Saturday, 29 January 2011

MPM meets... Doctor P - January 28th 2011

Doctor P is becoming a household name in the dubstep scene, with his hit 'Sweet Shop' dropped by almost every DJ and producer at live shows across the country. Following the success of his single 'Big Boss', Moshpit Magazine caught up with a surprisingly shy Doctor P after a knockout set at Cheltenham nightclub, Dakota.


How did 'Doctor P' start out?
Doctor P: I was making music for years, obviously, since I was about 12 or something. I've had a number of DJ names. I was DJ Rainbow for a bit...

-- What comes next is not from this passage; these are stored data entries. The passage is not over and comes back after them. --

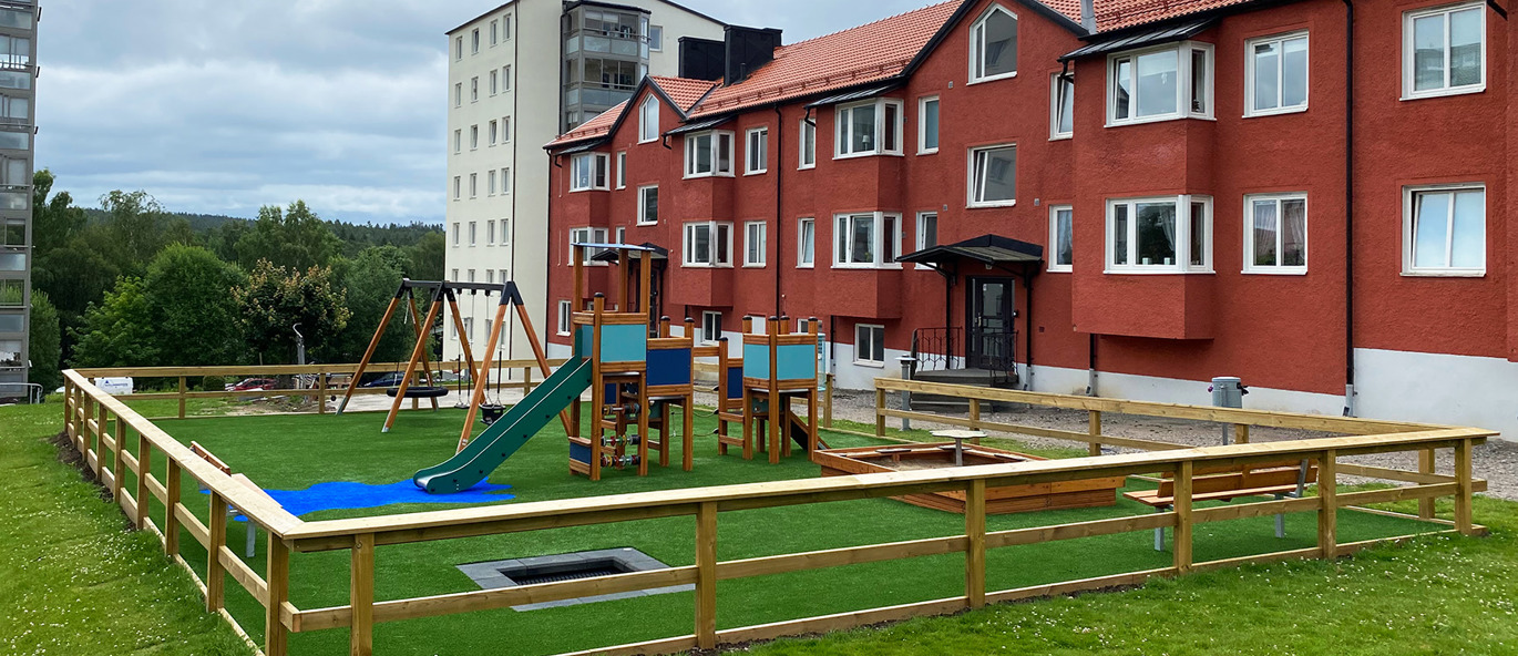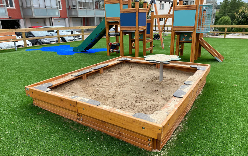 Lekutrustningen smälter fint in i omgivningen tack vare oljebehandlat lärkträ och med detaljer i olika mjuka blå nyanser. Sandlådan med sandbordet är anpassat för de yngsta barnen. En lagom utmanande klätterlek med rutschkana och självklart den omtyckta gungställningen med fågelbogunga till de lite äldre barnen.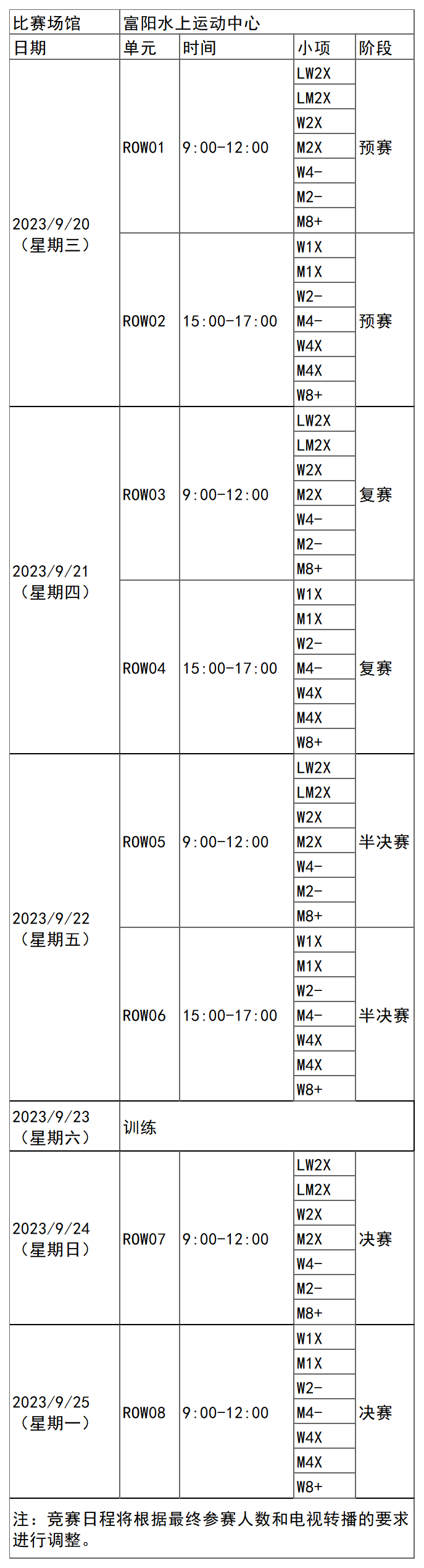 杭州亞運(yùn)會(huì)賽艇項(xiàng)目比賽時(shí)間為9月20日-25日,在富陽水上運(yùn)動(dòng)中心舉行,共產(chǎn)生14枚金牌。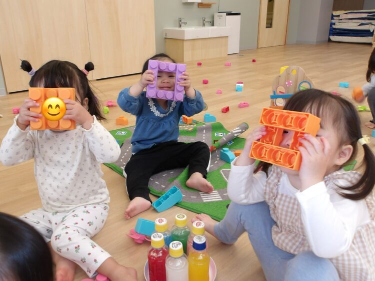 机ではブロックで作ったお家やいろんなところに自分の好きな動物のおもちゃで先生の仲立ちでお友達同士でかくれんぼして楽しく遊ぶ姿が見られましたよ😄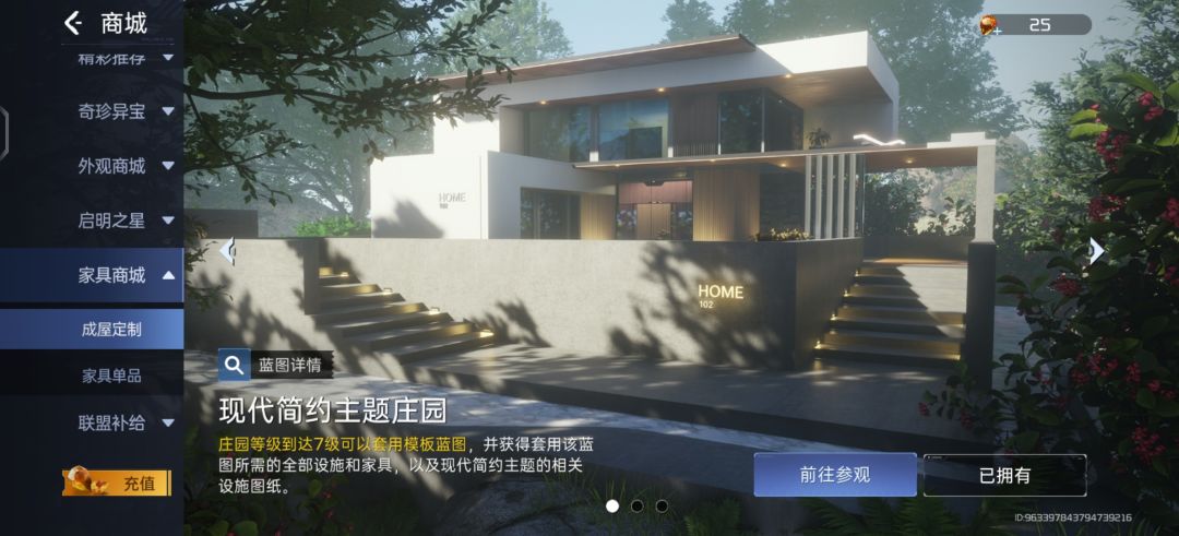 3,房子,房子可以自己建,也可以直接去商店购买,我这边就是直接买了一个,就不用自己去肝材料了(房子需要的材料很多)当然自己建的更好看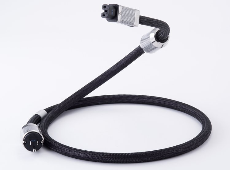 試聴モデルを開梱すると、極太のケーブル本体の両端と中間部に配された、シルバーカーボンフィニッシュがまず目に飛び込む。手に取るとずっしり重い。そしてIECコネクター「CF-C15 NCF(R)」は、円筒状の大きな「FI-50 NCF(R)」をコンパクトな直方体に納まるようギュッと凝縮させたかのようで、ダウンしたサイズとは逆に高級感がアップしている。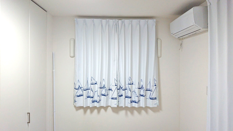 真っ白なお部屋にヨットの柄が良く映えていますね!清潔感があって素敵です(*´∀`*)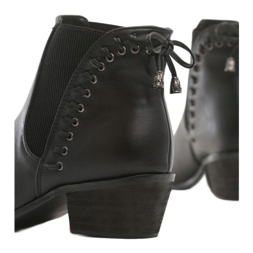 Les bottines Vices se caractérisent par un talon plat d'une hauteur de 4,5 cm, qui assure stabilité et confort au porté. Des éléments supplémentaires, comme des strass, leur confèrent un caractère original légèrement rock. Avec un bout en amande, ces bottes ajoutent de l'élégance et rendent chaque pied unique.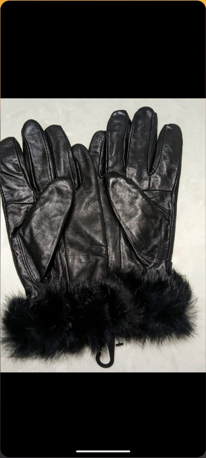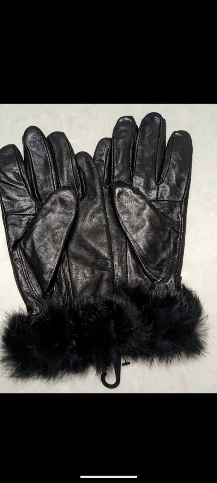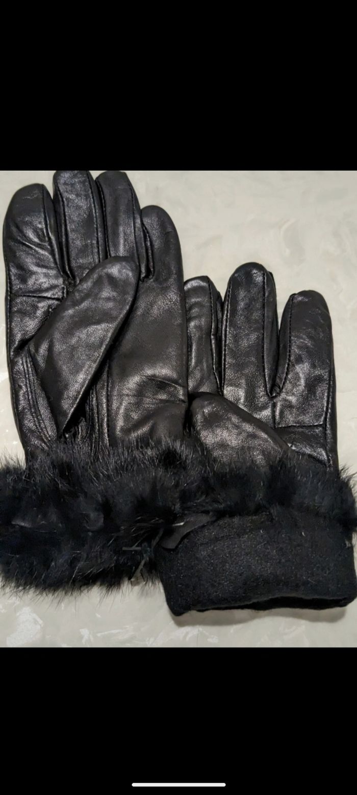 Magnifique paire de gants noirs en simili cuir et fausse fourrure. Taille 38 - photo numéro 1

That was drum 'n' bass, wasn't it?
Doctor P:
Yeah. Then I went on to DJ Picto. Never really got anywhere with any of these names. Then I started making dubstep, and thought I better come up with a new name, so picked Doctor P out of the blue. Absolutely no reason for that or anything.
 
What would you be doing if you weren't in the music business?
Doctor P: I'd probably be a graphic designer. That was my ambition, to be honest. I studied Art and everything.
 
Did you have any musical training before you started producing?
Doctor P:
I started the drums when I was 13, so that's like my musical training I suppose. I think I got up to about grade 3, but then I just sort of stopped doing that.
 
What's your favourite thing about what you do?
Doctor P: It's probably just the sort of knowledge that I've managed to achieve what I set out to achieve. It's sort of what I always wanted to do. I sort of saw it as an ideal eventuality, but I never really expected it to happen. Obviously, it has happened, which is pretty amazing.
 
What's been the best experience of your career so far?
Doctor P: That's a tough question, I get asked that a lot and I don't really have an answer for it. It's kinda like every week, something new happens. Kind of, every week is better than the last week at the moment. I'm kinda waiting for it to dip off and start getting worse. But at the moment...everything's going alright at the moment.
 
What are the best and worst things about touring?
Doctor P: The worst thing is it's surprisingly boring. A lot of travelling. I mean, I'm going to Romania tomorrow, that's just one day, and that's just like a four-hour flight or something, sit on my own in a hotel for a bit, four-hour flight home again. It's just boring. I mean, I did three weeks on my own in Australia and New Zealand. Just every day on my own. With promoters and stuff, but basically on my own. It's really boring. The best bit, obviously the show every night. It's fun. It's sort of like 23 hours of boredom and one hour of extreme fun, basically, that's what a tour is.
 
What music do you listen to other than dubstep?
Doctor P: I kind of listen to folk-y stuff, sort of 60's [music]. That's my main interest. Kind of like Simon and Garfunkel, bit of Led Zep, that sort of thing. Try and go as far away from dubstep as possible when I'm at home.
 
Is there anyone you think people should check out right now?
Doctor P: Skrillex. He's the one I'm keeping my eye on at the moment.
 
What have you got in store for 2011?
Doctor P: I've got a CD coming out in March, end of March, which is kinda like an album, but from everyone on the label. It's like a compilation of stuff that's not out yet.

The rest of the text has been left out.